A new climate research network is being launched and UNBC is one of the players.
Dr. Brian Menounos is the principle researcher of a team that has been granted a $2.1 million dollar grant from the Canadian Foundation for Climate and Atmospheric Sciences. The grant is for a four year research project that will focus on the climate clues evident in glaciers and in the sediment in lakes.
Glaciers cover about 10% of B.C.’s land mass. Menounos will try to secure samples from remote glaciers in the Coast, Columbia, Selkirk, Cariboo and Rocky Mountain Ranges, those samples may provide valuable clues to 400 years of climate changes and how the glaciers have reacted to those changes. The project will also attempt to predict how glaciers will change over the next 50 to 150 years.
The work is a collaboration of Menounous, Dr. Peter Jackson, Dr. Stephen Dery, Dr. Roger Wheate and Shawn Marshall from UNBC, plus 6 researchers from other Universities.

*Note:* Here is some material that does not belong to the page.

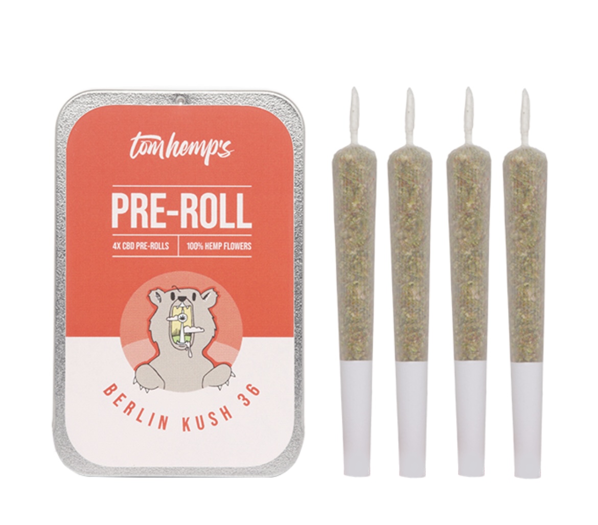 Mit dem Tom Hemp’s CBD-Pre-Roll 4er Set ist alles schon erledigt. Hier bekommst du 4 x 0,65 g allerfeinstes indoor CBD, das heißt pure CBD-Blüte, kein Trimm, keine Blätter, keine Stängel, sondern nur die Cream of the Crop in prallgefüllten Cones deines Tom Hemp’s CBD Lieblingsstrains Berlin Kush 36.

In a recent article Menounos penned for the “UNBC Update”, he says that outside of far north reaches, the warming of western Canada over the past 150 years has been more severe than anywhere else on the globe. In addition to the work on glaciers, the collection of lake sediment reveals flooding events through layers that are much thicker than others.
In the “Update” article Menounos says the research won’t be easy “but we know where to find our clues, buried under layers of mud and ice.”